Verify the object 7 is our file named "data"

uid     0
gid     0
atime Sun Aug 28 15:20:43 2016
mtime Sun Aug 28 15:20:43 2016
ctime Sun Aug 28 15:20:43 2016
crtime Sun Aug 28 15:20:43 2016
gen 291
mode 100644
size 262144
parent 4
links 1
pflags 40800000004
Indirect blocks:
               0 L1  0:be00:200 0:300aa00:200 0:6003a00:200 4000L/200P F=2 B=291/291
               0  L0 0:24000:20000 0:3020800:20000 20000L/20000P F=1 B=291/291
           20000  L0 0:44000:20000 0:3040800:20000 20000L/20000P F=1 B=291/291

Here's the meat of the example. This file has one level-1 (L1) indirect block (metadata), with 3 DVAs. Why 3? Because, by default, the number of copies of the metadata is 1+copies, up to 3. With copies=2, the number of metadata copies=3, hence the three DVAs. These DVAs consume 0x200 physical bytes each, or 1.5k. This explains why the accounting for the dsize above is 514k rather than 512k.

Each DVA is a tuple of vdev-index:offset:size. Thus a DVA of 0:be00:200 is 512 bytes allocated to vdev-0 (there is only one vdev in this pool) at offset 0xbe00. You can see that the 3 DVAs are offset further into the vdev at 0x300aa00 and 0x6003a00. If this pool had more than one vdev, and there was enough space on them, then we expect the diversity to be across vdevs.

Looking at the two level-0 (L0) data blocks, we see our actual data. Each block is 128K (0x20000) and the logical (20000L) size is the same as the physical size (20000P) showing no compression. Again we see all blocks allocated to vdev-0 and the offset for the second copy is 0x2FFC800 or 50,317,312 sectors away (here, sectors=512 bytes).
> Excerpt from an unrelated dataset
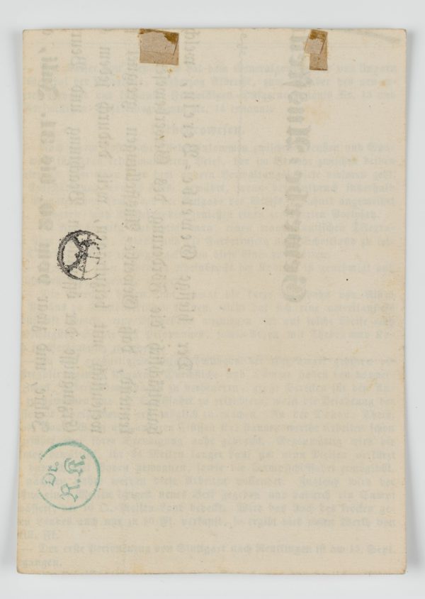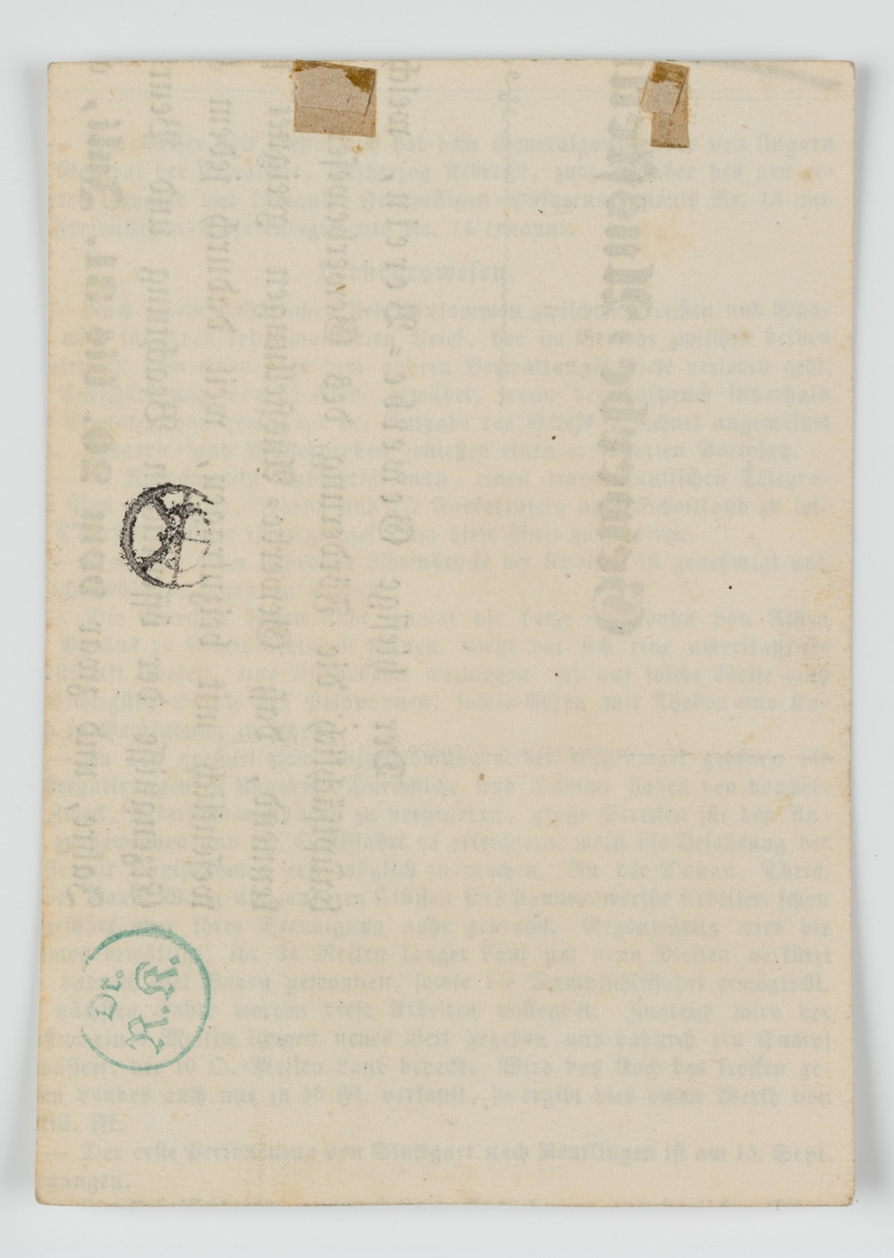 Verso sind Fragmente eines illustrierten Textdruckes zu erkennen sowie die Sammlungsstempel “Dr. R.K.” (ähnlich zu Lugt-Nr. 4641) und “EK” (Lugt Nr. 3549).

Referring back to JRS System's test, randomly corrupting data will give predictable results. Simply calculate the probability of corrupting two L0 blocks of a given size for a given LBA range.

But storage doesn't tend to fail randomly, failures tend to be spatially clustered. Thus copies is a reasonable use of redundancy techniques even when the device is not redundant. Indeed, copies is routinely used for the precious metadata.